S'enchaînant aussitôt, Serufoma ajouta, forçant Kaetsa à parler à la hâte.
« M-mais moi non plus, je n'ai fait qu'essayer de jeter du noma dans une poêle en fer huilée, je ne peux rien affirmer. Comme je l'ai jeté tel quel, je ne saurais imaginer le résultat s'il était traité en panure. … C'est ce qu'elle dit. »
« Je vois. Serufoma aussi cherchait comment utiliser le noma. »
« O-oui. Mais l'idée d'en faire une panure ne m'est pas venue. Rattrapée par en quelques jours, je me sens misérable. … C'est ce qu'elle dit. »
Serufoma, le disant, plissa légèrement les yeux en me fixant. C'était sans doute une manifestation de rivalité. De la part de Serufoma, qui excelle à cacher son for intérieur, une rare expression de volonté.
« J'ai juste cité les utilisations de la farine de tchatcu, semblable au noma. Rien d'admirable. »
« N-non. est un excellent cuisinier.

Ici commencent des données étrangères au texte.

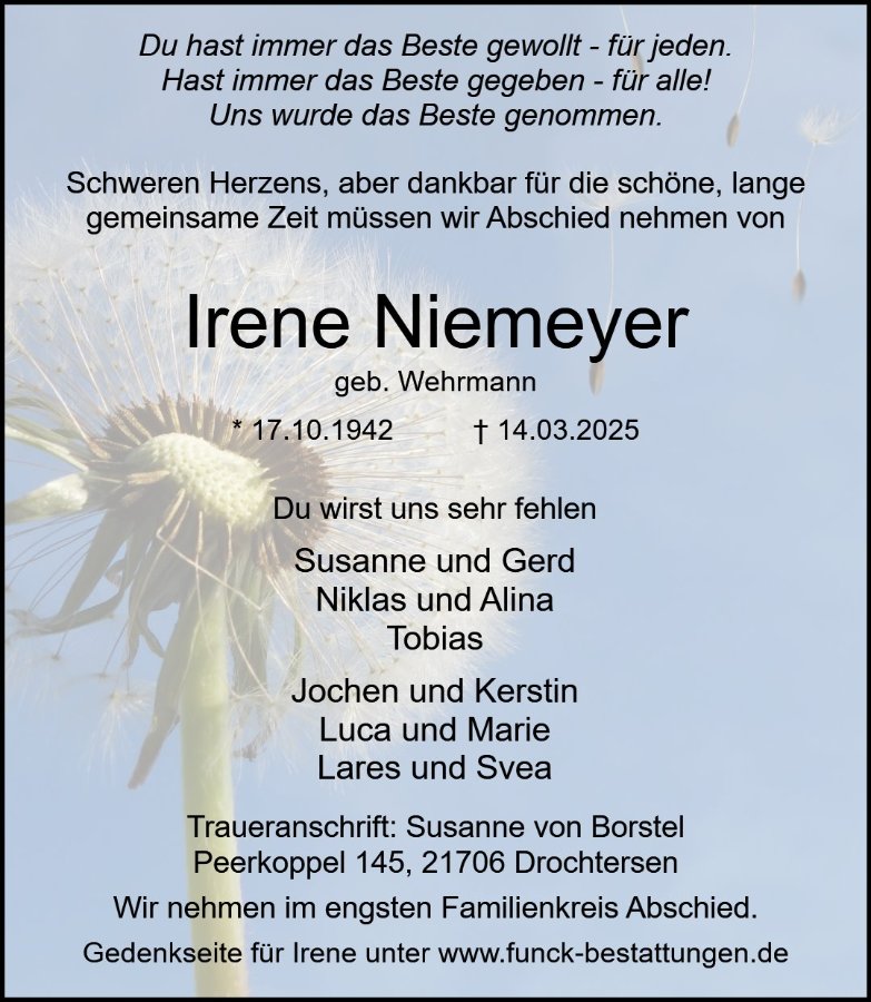 wir wünschen Ihnen von Herzen viel Kraft, dass Sie Menschen um sich haben, die Ihnen in dieser schweren Zeit beistehen und Halt geben. Zusätzlich können Sie auf dieser Gedenkseite Erinnerungen teilen und so das Andenken gemeinsam wachhalten.
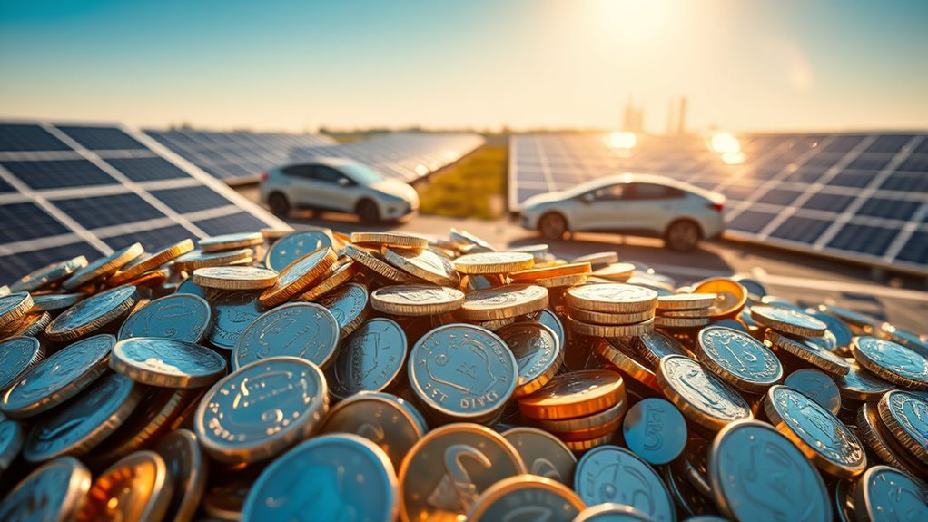 Precious metals like silver, platinum, and palladium are essential for the green energy shift, powering solar panels and electric vehicle components. Silver’s high conductivity improves solar efficiency and EV performance, but supply chain constraints and geopolitical risks threaten their availability. Policies and innovations aim to boost recycling and responsible sourcing. Understanding these dynamics will help you grasp how critical metals shape the future of sustainable energy technologies. Keep exploring to learn more about this evolving landscape.
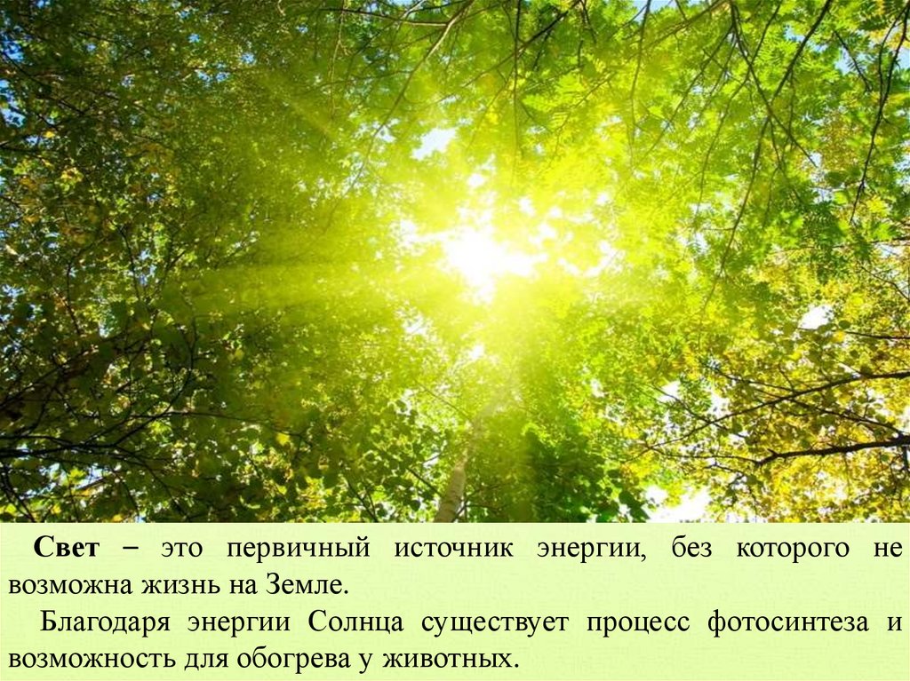Свет – это первичный источник энергии, без которого невозможна жизнь на Земле.

C'est pourquoi j'ai insisté pour recevoir votre enseignement. Je vous en prie, guidez-moi aussi aujourd'hui. … C'est ce qu'elle dit. »
Je promenai mon regard. Platika et Nicola me regardaient aussi avec la même intensité. Elles étaient venues ici portées par une ardeur qui n'avait rien à envier à Reyna=Ruu. Nous devions donc, nous aussi, les prendre au sérieux.